Ahora ella ya no estaba y todo para mí se había acabado. Aquella muchacha realmente reinventó una esperanza que creí haber perdido a los siete años, aquello que me hacía pensar que eso que llamaban vida no era tan mal invento como parecía, aquello que veía caer al vacío, perdido entre los ojos inexpresivos de mi madre. Encendí el último cigarro del paquete bajo la sombra alargada del ciprés, y, mientras las colillas se vaciaban en el agua, mi mente no paraba de recrear todos y cada uno de los versos con los que aquella chica había decorado las paredes de nuestro apartamento de Gran Vía. Había una estrofa particular, de Pablo Neruda, su favorito, que se reproducía una, y otra, y otra vez en mi cabeza:
            Me gusta cuando callas porque estás como ausente.
Distante y dolorosa como si hubieras muerto.
Una palabra entonces, una sonrisa bastan.
Y estoy alegre, alegre de que no sea cierto.
Cesé en mi empeño de volver a recordar su rostro una vez más. Entre los cipreses creí escuchar su voz susurrada por el viento, pero no llegué a entender lo que decía. De nuevo el cielo se pobló y parecía que iba a llegar una tormenta, aunque de vez en cuando el sol se dejaba ver por una tenue rendija, como animándome a seguir adelante, a no fallar, a no fracasar una vez más en mi tortuosa vida.
Llené los bolsillos de mi cazadora con las piedras grises más hermosas que encontré por la orilla. Recuerdo pasar largas horas buscando la atención de los peces que por aquellos días aún habitaban las calmadas aguas del lago, tirando una piedra tras otra, divirtiéndome y riendo a carcajadas cada vez que salía salpicado en mis intentos. Esta vez era diferente. Esas piedras que sustituyeron tantos años a los juguetes de los niños, que fueron incluso mis confidentes, mis amigas y mis compañeras, me acompañarían tras tantos años de mutuo y acordado abandono.
El cielo abrió sus faldas al atardecer, escupiendo colores rojizos, anaranjados y amarillos sobre el valle, y comprendí que no había que alargar más el instante. La gélida corriente estática del lago penetró cada poro de mi piel, haciéndome sentir arropado, seguro, como si de nuevo alguien abriese sus brazos para recibirme, para agradecer mi existencia, para prometerme que no tenía nada de lo que preocuparme. Me sentí aliviado. Quién sabe lo que pasaría después, cuando el pesado abrazo terminase de aplastarme bajo sus etéreas manos. 
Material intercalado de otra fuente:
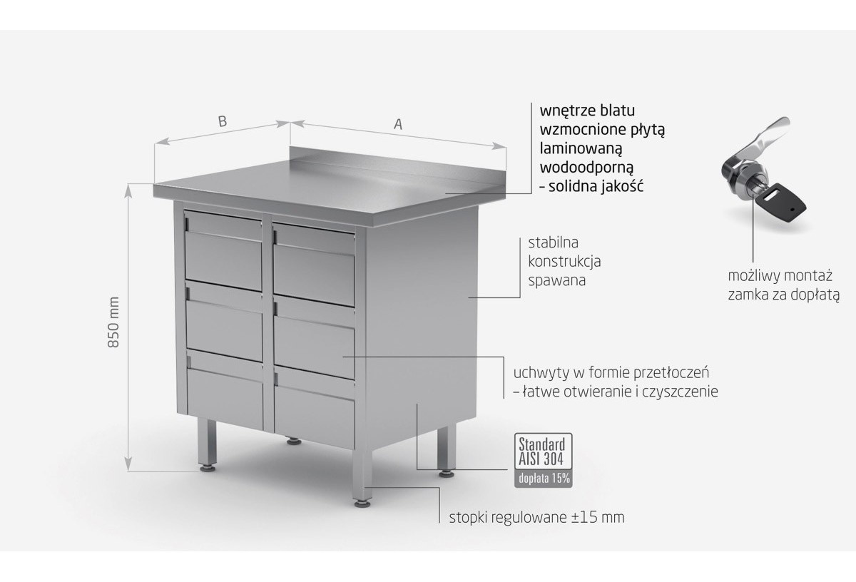 Standardowo nasze wyroby wykonane są ze stali nierdzewnej AISI 430, a elementy narażone na najsilniejsze działanie środków chemicznych i organicznych wykonujemy ze stali nierdzewnej tzw. kwasówki AISI 304. Wszystkie nasze meble mogą być również w całości wykonane z tego materiału, dopłaty do standardu AISI 304 zostały podane każdorazowo przy meblu.

Abrí los ojos resistiendo el ímpetu de gritar y miré al cielo, observando ese último rayo de luz rojiza que se posó sobre mi cuerpo, sobre mi rostro, y volví a recordarla. Volví a recordar a esa chica que llenó mis paredes de sus versos y mi armario de su ropa. Aquella persona que me quiso y me ayudó a no perderme. A no caerme. A no ahogarme.
Comprendí entonces que la vida no es sólo una lucha por sobrevivir. Que es también saber volver, y, sobretodo, saber coger el tren de ida oportuno. Aquella droga con la que no se podían hacer negocios había recorrido y poblado mi mente más rápido que ninguna otra. Sonreí. Estaba listo para vivir.